C'est un équipement qui lui a été reproché, au même titre que le brassard police passé autour du bras. Dans le rapport de l'IGPN, il est mentionné qu'Alexandre Benalla n'aurait pas fait usage de la radio pendant la manifestation. "Durant l'après-midi, le major Mizerski assure que monsieur Benalla, s'il écoutait le trafic radio de la police, après qu'il lui eut indiqué la bonne fréquence, n'a jamais passé de message, ni donné la moindre instruction", indique ainsi le rapport de l'IGPN. 

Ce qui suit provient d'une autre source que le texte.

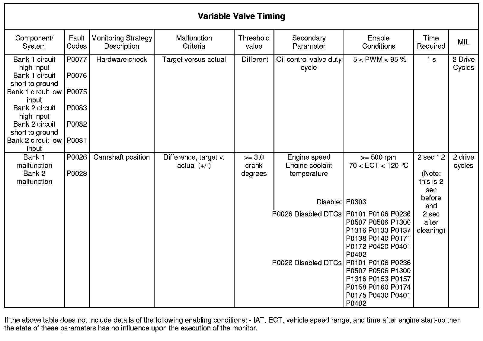 This monitor checks the oil control valve on both banks 1 and 2. The commanded and actual state of the oil control valve are continually checked as long as the PWM drive signal remains within limits. If the commanded and actual state of the oil control valve differ for longer than a predefined time period then a failure is registered. The ECM determines the type of failure by examining which state the valve was unable to attain and the output signal to the valve. If a failure is registered on 2 drive cycles, the MIL will illuminate.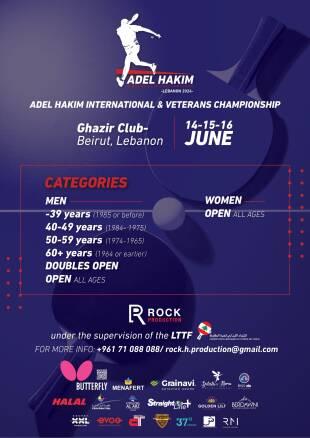 تنظّم"روك برودكشن" برئاسة حامل لقب كأس لبنان في كرة الطاولة للعام 2019روك حكيم "بطولة عادل حكيم الدولية المفتوحة في كرة الطاولة" بنسختها الخامسة في 14 و15 و16 حزيران الجاري في قاعة انطوان شويري في نادي غزير، تحت اشراف الاتحاد اللبناني للعبة. وسيكون عشاق الرياضة عمومًا وكرة الطاولة خصوصًا على موعد جديد مع بطولة كبيرة سيشارك فيها لاعبون ولاعبات من لبنان والخارج، وستطبّق خلالها قوانين وانظمة الاتحاد الدولي للعبة.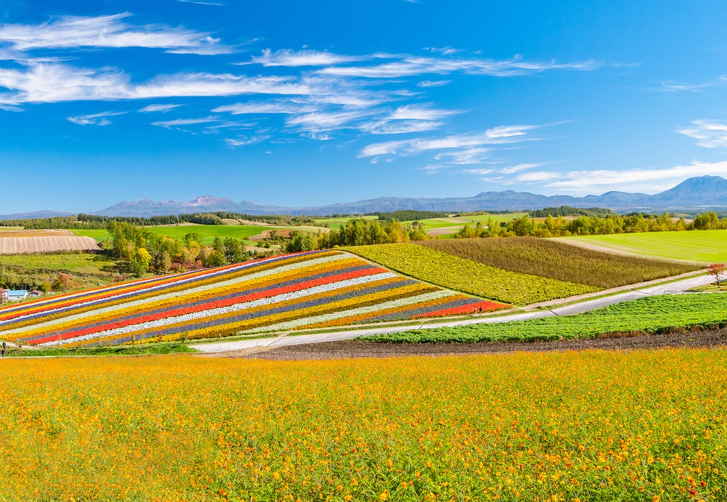 - 5 月末至 10 月末,鬱金香、薰衣草、向日葵等 30 餘種花卉次第綻放,起伏丘陵化作畫家打翻的調色盤,田間巨型稻草人可愛又治癒,一眼淪陷。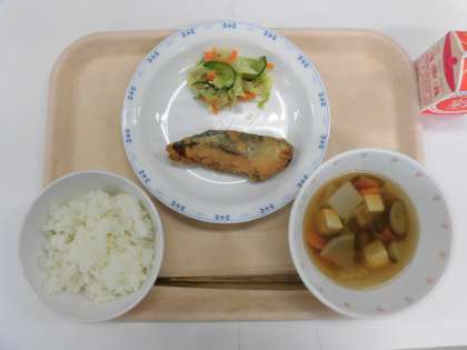 ごはん さばの竜田揚げ 野菜のみそドレッシングサラダ けんちん汁 牛乳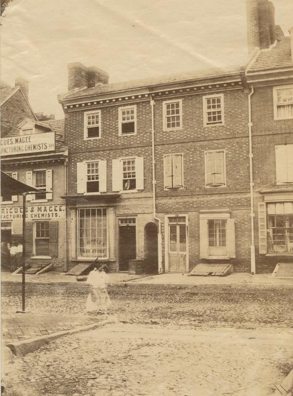 View showing the westside of the 100 block of North Fifth Street. Businesses include Garrigues & Magee, manufactuers of photographic and daguerrian chemicals (108 N. 5th); Tripple's Shoe Store (110 N. 5th), and William Seefeldt, musical instrument store (114 N. 5th). Several musical instruments are displayed in the window of the musical instrument store. Magee, a photographer, operated his chemical business circa 1857 to the early 1890s.

Deux recommandations de l'IGPN sur le statut d'observateur

Enfin, l'IGPN s'attarde sur deux recommandations particulières afin de clarifier le statut des observateurs en accompagnement des forces de police. Le port d'un signe distinctif par l'observateur d'une part, se traduisant par exemple par la création d'un brassard spécifique dont la couleur et le graphisme se distingueraient de ceux de la police. Une convention type et une charte de l'observateur, d'autre part, qui rappelleraient "les grands principes" de leur rôle, comme l'obligation de discrétion, la non-divulgation des faits observés ou encore l'obligation de se conformer aux directives du référent. 

Gérard Collomb, par voie de communiqué, a d'ores et déjà indiqué qu'il souhaitait voir ces recommandations mises en pratique.